- WORK REQUIRED
Each line of the material should be set down exactly. Pictures are not part of the copy.

- EXCERPTED RECORDS
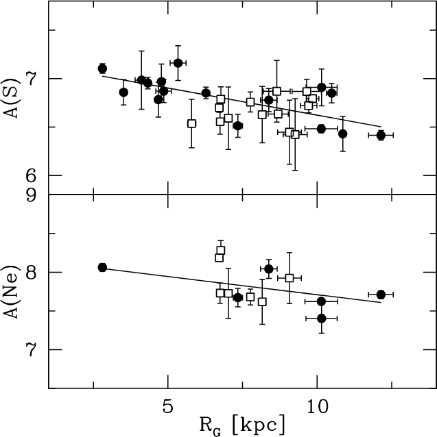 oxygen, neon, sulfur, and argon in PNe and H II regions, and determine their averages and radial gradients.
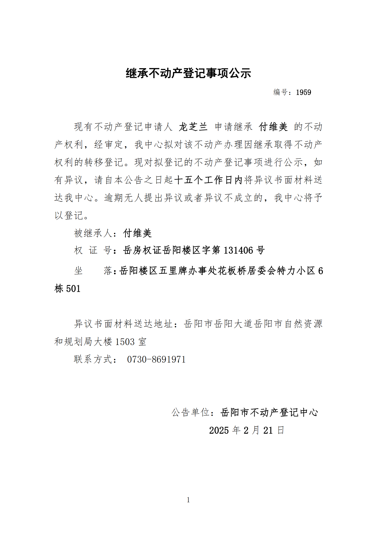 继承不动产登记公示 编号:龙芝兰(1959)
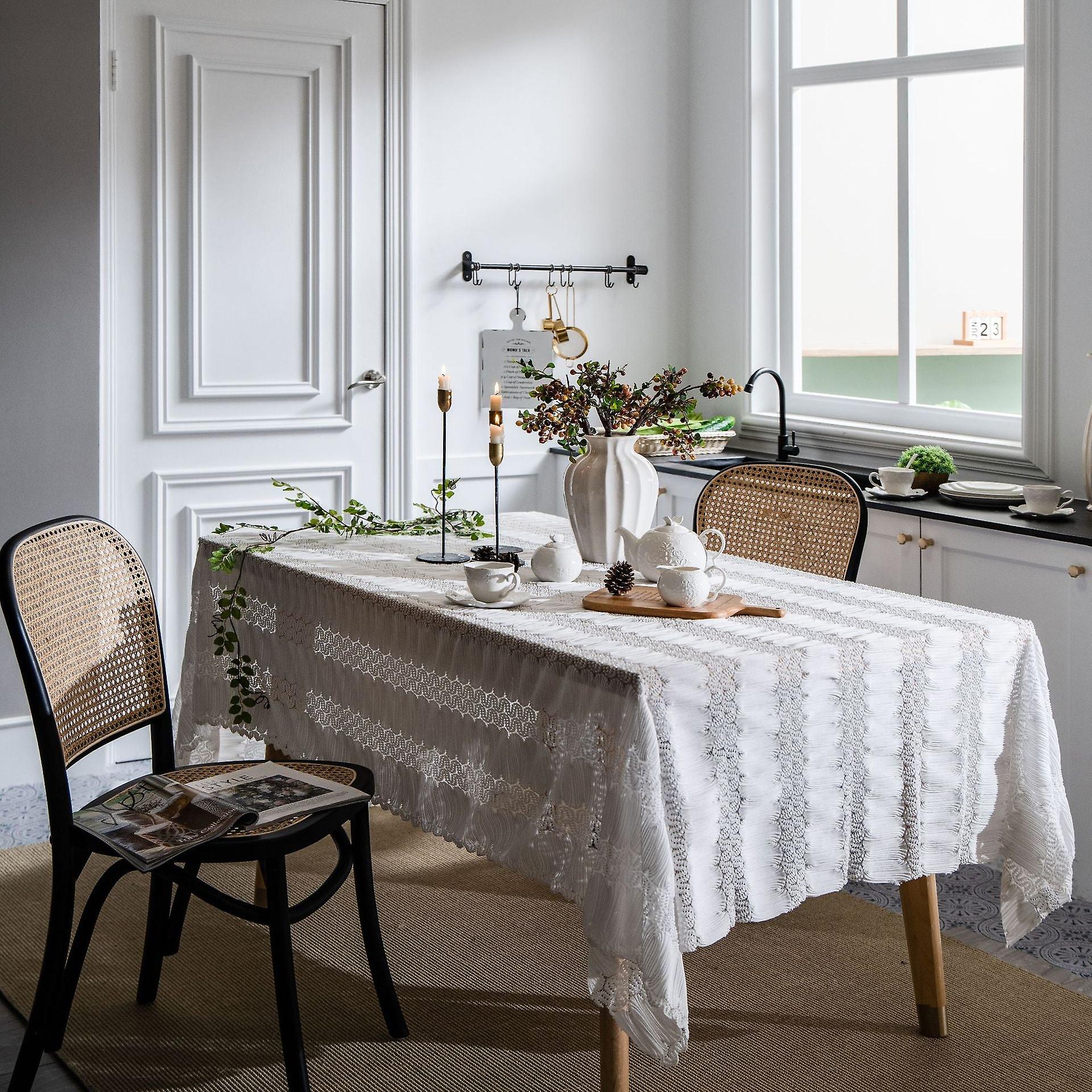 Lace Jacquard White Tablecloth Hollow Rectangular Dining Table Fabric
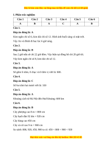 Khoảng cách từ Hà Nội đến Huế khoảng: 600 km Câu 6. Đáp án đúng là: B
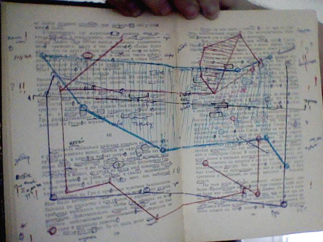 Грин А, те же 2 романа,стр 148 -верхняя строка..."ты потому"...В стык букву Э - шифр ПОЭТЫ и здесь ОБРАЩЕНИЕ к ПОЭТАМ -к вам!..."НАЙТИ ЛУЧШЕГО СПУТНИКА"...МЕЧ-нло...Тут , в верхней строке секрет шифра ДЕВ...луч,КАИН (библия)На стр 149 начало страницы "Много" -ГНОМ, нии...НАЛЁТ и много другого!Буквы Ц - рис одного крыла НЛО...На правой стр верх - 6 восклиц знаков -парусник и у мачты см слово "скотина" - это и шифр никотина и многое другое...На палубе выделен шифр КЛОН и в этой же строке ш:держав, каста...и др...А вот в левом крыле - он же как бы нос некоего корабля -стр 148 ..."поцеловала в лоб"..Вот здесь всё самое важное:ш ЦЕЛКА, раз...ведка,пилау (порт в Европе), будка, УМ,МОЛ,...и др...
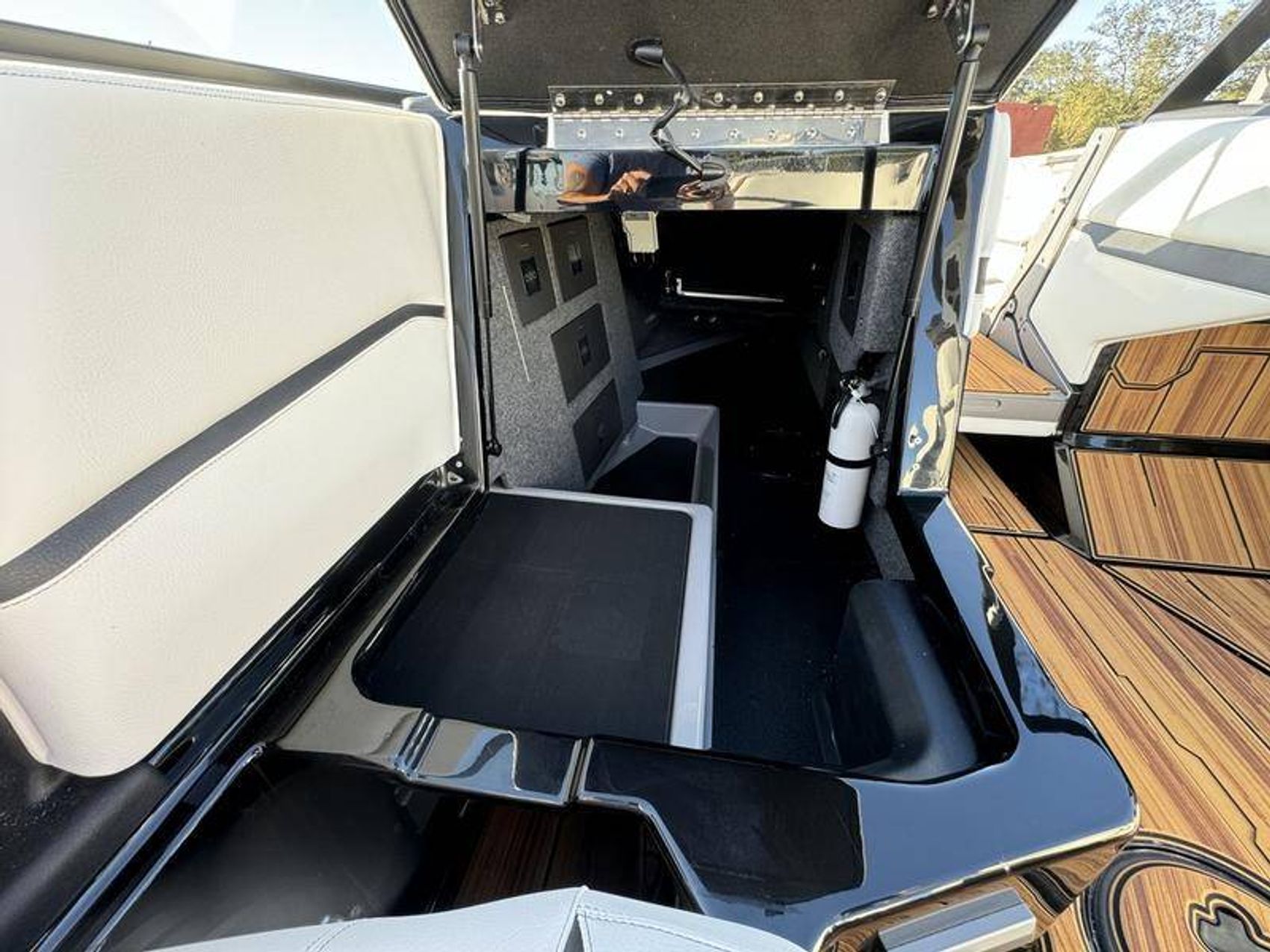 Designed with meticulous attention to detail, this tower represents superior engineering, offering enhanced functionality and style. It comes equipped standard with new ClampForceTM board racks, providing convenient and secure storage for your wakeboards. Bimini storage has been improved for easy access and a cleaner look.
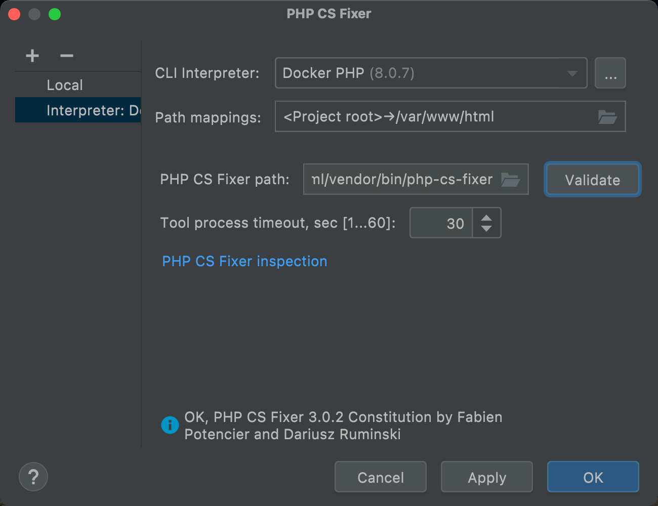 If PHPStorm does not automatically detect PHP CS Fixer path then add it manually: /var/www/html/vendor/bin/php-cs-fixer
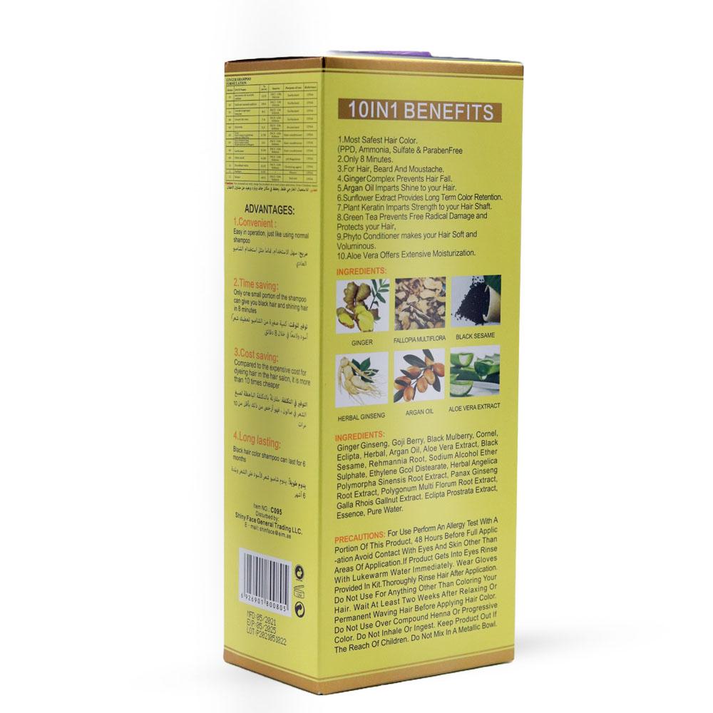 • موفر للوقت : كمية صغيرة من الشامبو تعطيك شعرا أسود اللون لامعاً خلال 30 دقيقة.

- RESPONSE BELOW
 oxygen, neon, sulfur, and argon in PNe and H II regions, and determine their averages and radial gradients.
 继承不动产登记公示 编号:龙芝兰(1959)
 Lace Jacquard White Tablecloth Hollow Rectangular Dining Table Fabric
 Khoảng cách từ Hà Nội đến Huế khoảng: 600 km Câu 6. Đáp án đúng là: B
 Грин А, те же 2 романа,стр 148 -верхняя строка..."ты потому"...В стык букву Э - шифр ПОЭТЫ и здесь ОБРАЩЕНИЕ к ПОЭТАМ -к вам!..."НАЙТИ ЛУЧШЕГО СПУТНИКА"...МЕЧ-нло...Тут , в верхней строке секрет шифра ДЕВ...луч,КАИН (библия)На стр 149 начало страницы "Много" -ГНОМ, нии...НАЛЁТ и много другого!Буквы Ц - рис одного крыла НЛО...На правой стр верх - 6 восклиц знаков -парусник и у мачты см слово "скотина" - это и шифр никотина и многое другое...На палубе выделен шифр КЛОН и в этой же строке ш:держав, каста...и др...А вот в левом крыле - он же как бы нос некоего корабля -стр 148 ..."поцеловала в лоб"..Вот здесь всё самое важное:ш ЦЕЛКА, раз...ведка,пилау (порт в Европе), будка, УМ,МОЛ,...и др...
 Designed with meticulous attention to detail, this tower represents superior engineering, offering enhanced functionality and style. It comes equipped standard with new ClampForceTM board racks, providing convenient and secure storage for your wakeboards. Bimini storage has been improved for easy access and a cleaner look.
 If PHPStorm does not automatically detect PHP CS Fixer path then add it manually: /var/www/html/vendor/bin/php-cs-fixer
 • موفر للوقت : كمية صغيرة من الشامبو تعطيك شعرا أسود اللون لامعاً خلال 30 دقيقة.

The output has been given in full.